Вырезка была приложена как доказательство тому, что в Советском Союзе действительно проводятся такие эксперименты. Далее она продолжила:

У меня головные боли (в тексте письма написано с ошибкой), боли в сердце, неожиданно поднимается кровяное давление, внезапно накатывает депрессия, я плохо вижу и чего еще только нет. И все, что я могу попытаться сделать – это только попробовать собрать себя обратно, как Шалтай-Болтай. Иногда это получается; присутствие любого ПРИЯТНОГО человека помогает…

Сейчас я чувствую себя совсем открытой, незащищенной и наполовину разрушенной… Мы только что переехали в эту квартиру. Но я уже собираюсь перебраться обратно в дом, который я купила. ЗАЧЕМ? Я НЕ ЗНАЮ. Это ПОБУЖДЕНИЕ приходит – и я действую. Все снова очень удивятся. Мне придется что-то придумать, чтобы объяснить свой поступок. Но я не знаю, чем его объяснить. Я уже зашла в тупик…

Пожалуйста, напишите, что вы обо всем этом думаете. Ваша Светлана.

Очень обеспокоенный этим письмом Джейми поспешил приехать в Калифорнию, чтобы хоть как-то помочь ей. Светлана была рада его приезду, но ею уже овладело побуждение вернуться обратно на Восточное побережье, так что он мало что смог сделать.
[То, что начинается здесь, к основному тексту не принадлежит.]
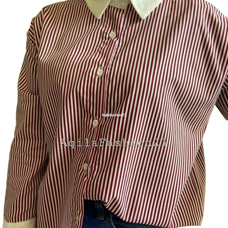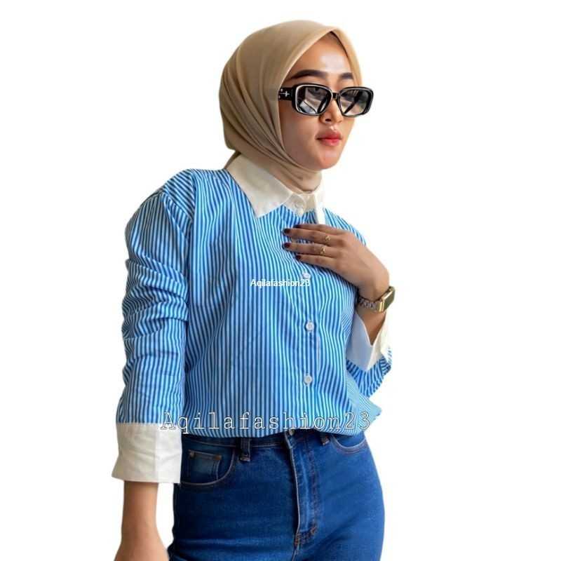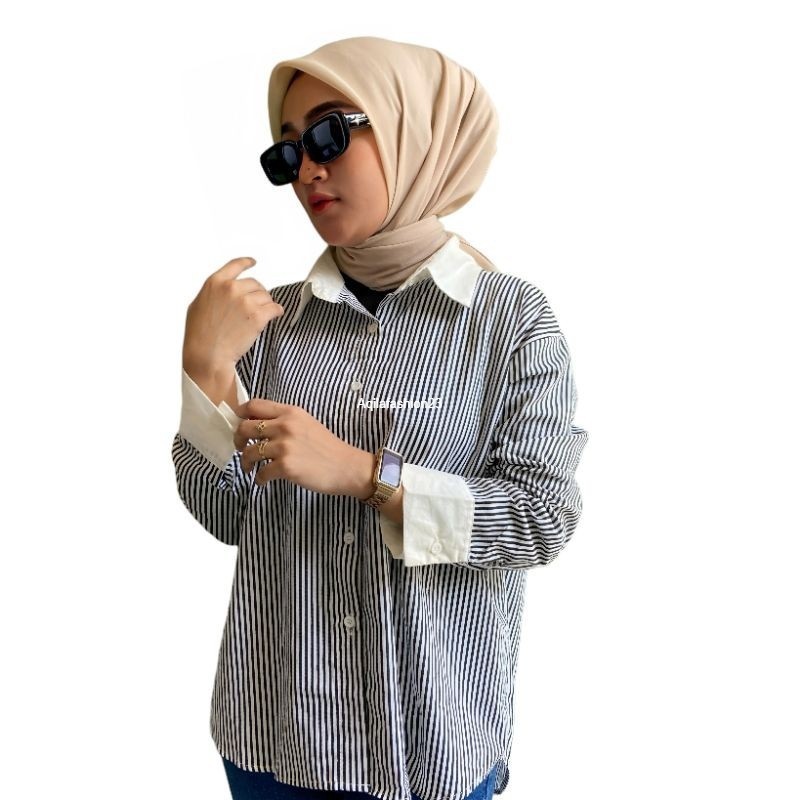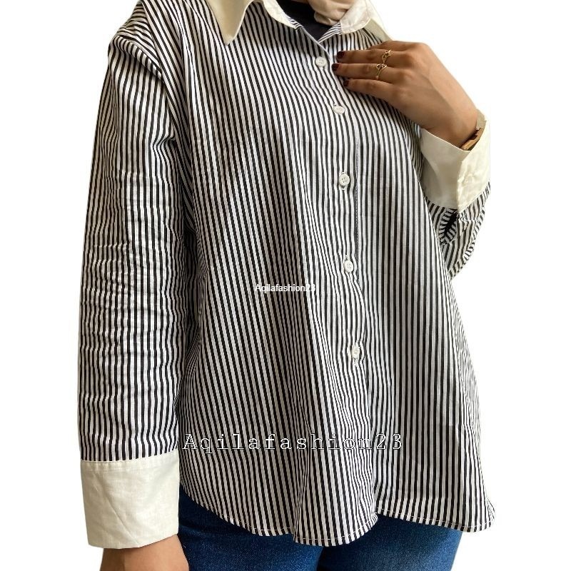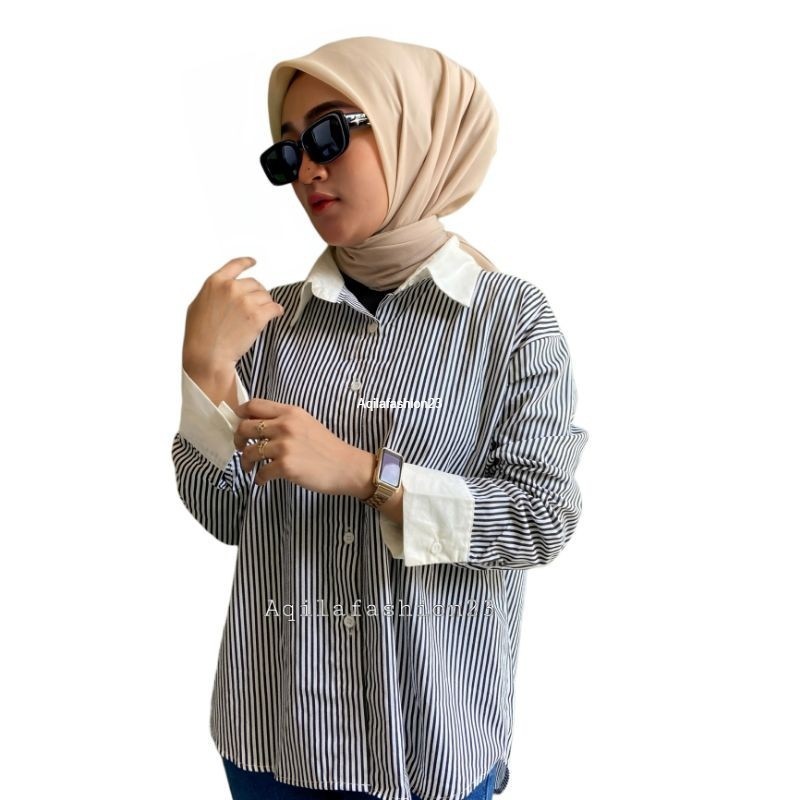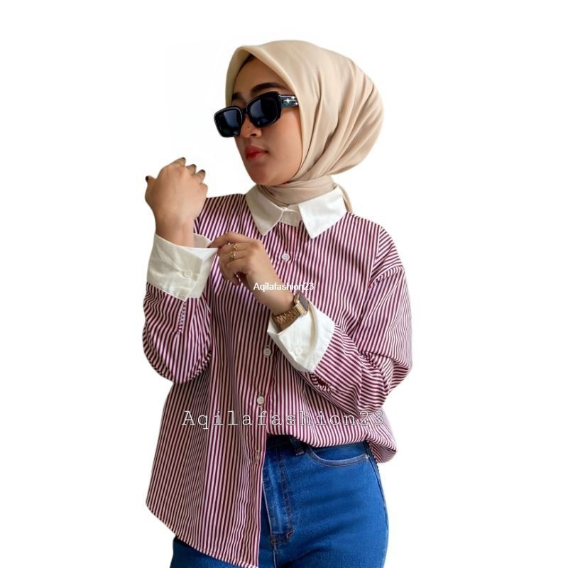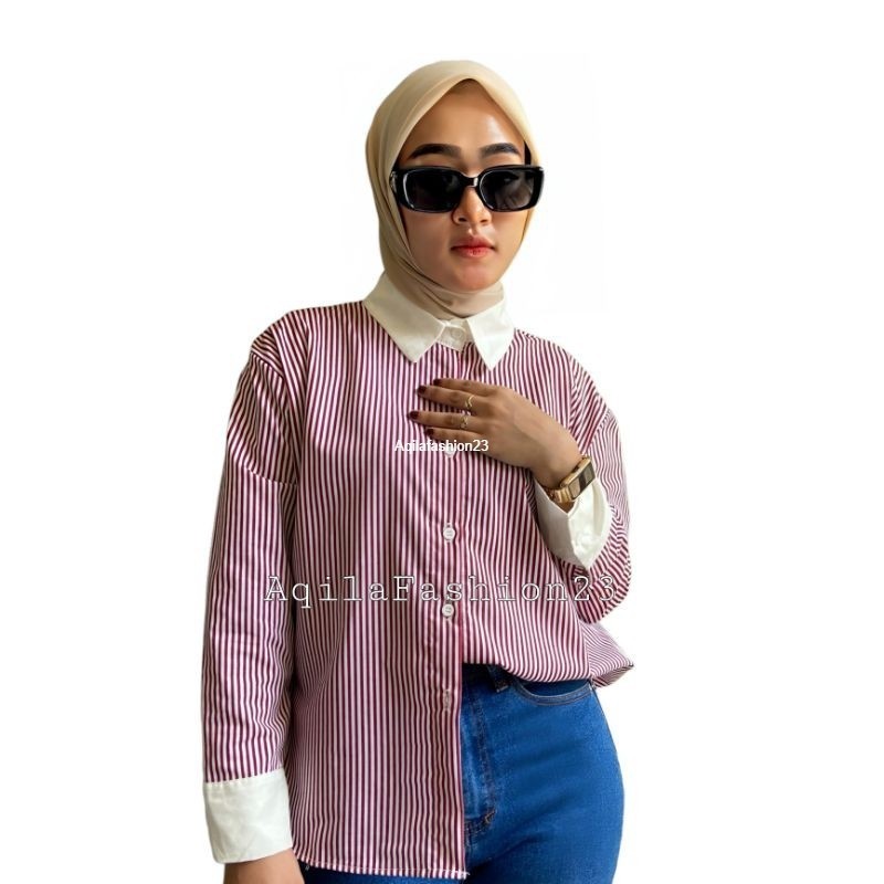 Atasan kemeja wanita stripe kekinian terbaru lengan panjang all size Nori Shirt by Aqila Fashion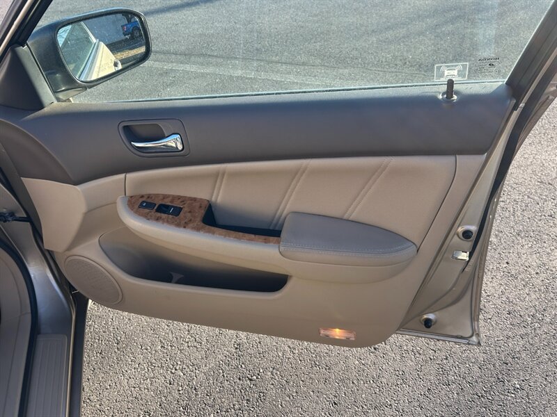 Just Arrived 2005 Honda Accord EX V-6 finished in Desert Mist Metallic with an Ivory interior. Powered by a 3.0L NA V6 SOHC 24-valve engine, factory equipment includes leather-trimmed seating with heated front seats and an 8-way power driver’s seat, power windows, door locks and mirrors with remote keyless entry, tilt steering with cruise control and steering-wheel audio controls, a power sunroof, alloy wheels, anti-lock brakes and front/side airbags, plus an AM/FM/CD audio system and full power accessories. This vehicle has excellent mileage — under 81,000 miles (averaging less than 4,000 miles per year) — and returns about 19 MPG city and 28 MPG highway. It is in excellent overall condition, has a clean CARFAX, and shows one owner.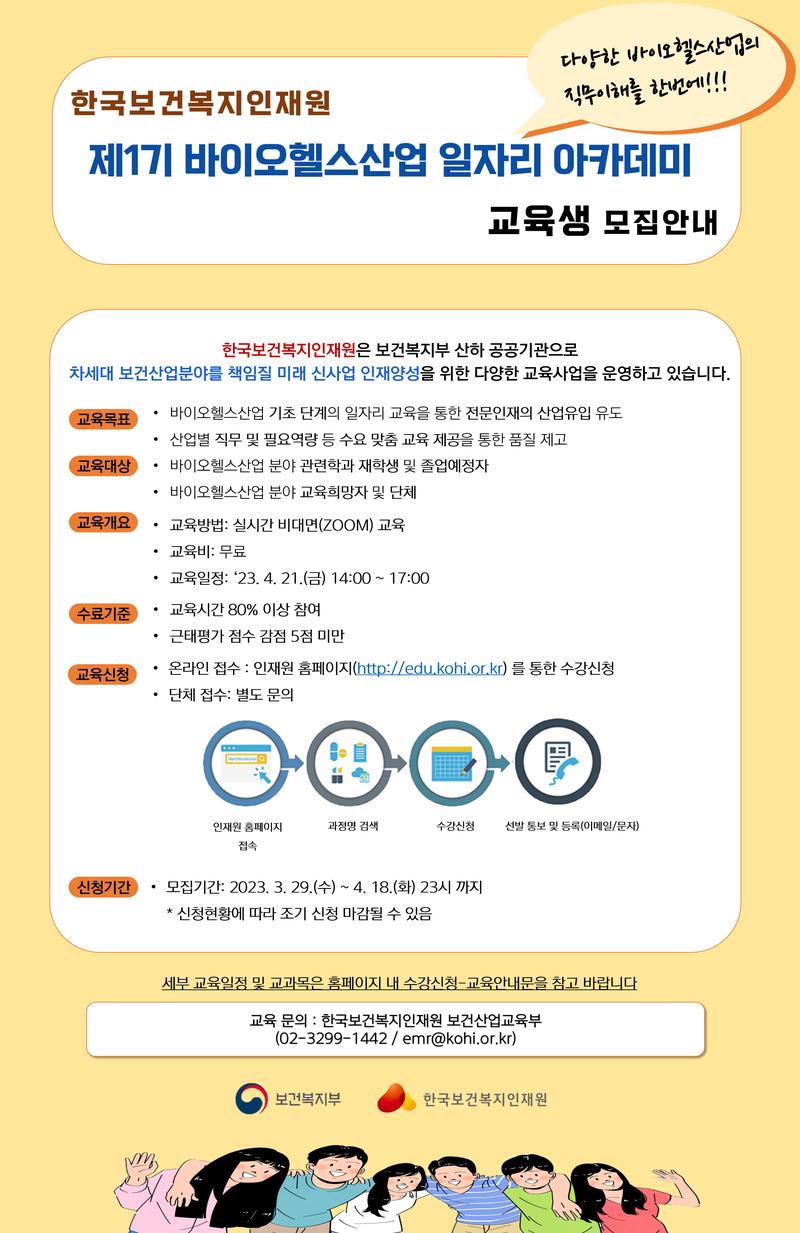 1. 교육과정: `23년 제1기 바이오헬스산업 일자리 아카데미 (제약바이오산업의 이해) 2. 교육일정: `23. 4. 21.(금) 14:00\~17:00 3. 교육방법: 실시간 비대면(ZOOM) 교육 4. 교육비: 무료 5. 교육신청 방법: 보건복지배움인 접속 후\, '일자리' 또는 '아카데미' 검색 후 수강신청 6. 교육문의: 한국보건복지인재원 보건산업교육부 (emr@kohi.or.kr / 02-3299-1442)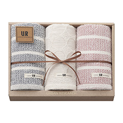 〈URBAN RESEARCHI〉は、フレキシブルに今の空気をモノやカルチャーに乗せて伝える“SPECIALITY SHOP”です。「DESIGN YOUR LIFE STYLE」をコンセプトに様々な都市をリサーチし、カジュアルテイストをベースに世界中からデイリーウエアやドレスに加え、コスメや植物といったライフスタイル雑貨までをセレクトしています。カジュアルな場面でも、ビジネスシーンでも大人らしい雰囲気を演出してくれるアーバンリサーチのタオル。肌にあたるパイル部分にはオーガニックコットンを100%使用しており、デザイン性だけでなく使い心地にもこだわったギフトセットです。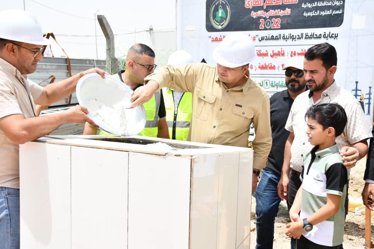 محافظ الديوانية المهندس ميثم عبد الاله الشهد يضع حجر الاساس لمشروع تنفيذ شبكة كهرباء حي الشهداء للقطعة المرقمة 2 مقاطعة 5 ام عباسيات ضمن خطة الدعم الطاريء للامن الغذائي والتنمية مناقصة 1 لسنة 2022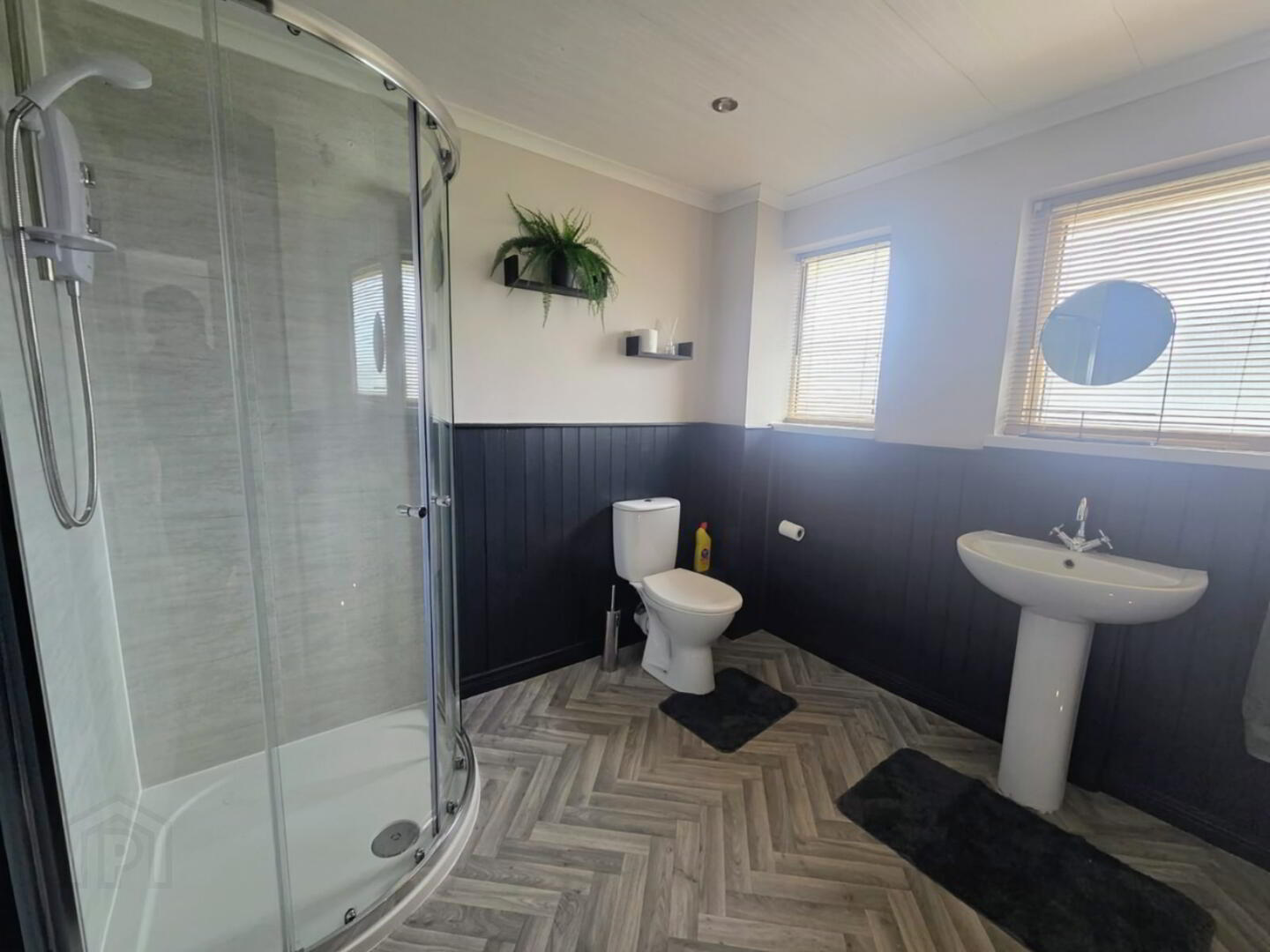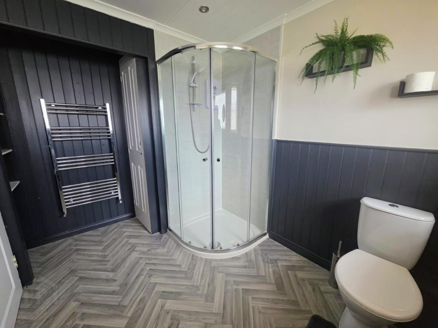 Withtlephone hand shower,  uPVC panelled walk in shower cubicle, ‘RedRing glow’ shower, ½ panelled walls and sheeted ceiling. Recessed area with shelving

Создавалось ощущение, что Светлана больше не контролирует свои собственные поступки. Ее одолевали различные страхи, она чувствовала себя затравленной, захваченной ими. Она всегда сдерживала свои чувства, но теперь больше не могла с ними бороться. Зиму она встретила попыткой повеситься. Весной, все еще опустошенная, она писала Джорджу Кеннану:

Дорогой Джордж, я совсем не похожа на каменную стену и даже на бетонный блок. И я не унаследовала у отца знаменитые стальные нервы, которые дали ему его имя. Зато с материнской стороны мне достались повышенная чувствительность и способность реагировать даже на мелкие неприятности…

Джордж, я СЛИШКОМ ОСТРО реагирую на мысли, желания, предложения и просьбы других людей. Я ПОДАВЛЯЮ СВОИ СОБСТВЕННЫЕ инстинктивные желания, который часто ОКАЗЫВАЮТСЯ самыми правильными. Мой отец заметил во мне эту черту, когда я еще была подростком и часто говорил мне: «Что ты повторяешь все, что тебе скажут, как пустой барабан! Говори, что ты сама хочешь: да или нет!»

Боюсь, он верно заметил эту мою слабую сторону. ХОРОШИЕ вещи ОН никогда не замечал, зато обладал талантом видеть человеческие слабости.

В этих строках ясно слышится ее презрение к самой себе, и она все еще пропускает его через личность отца.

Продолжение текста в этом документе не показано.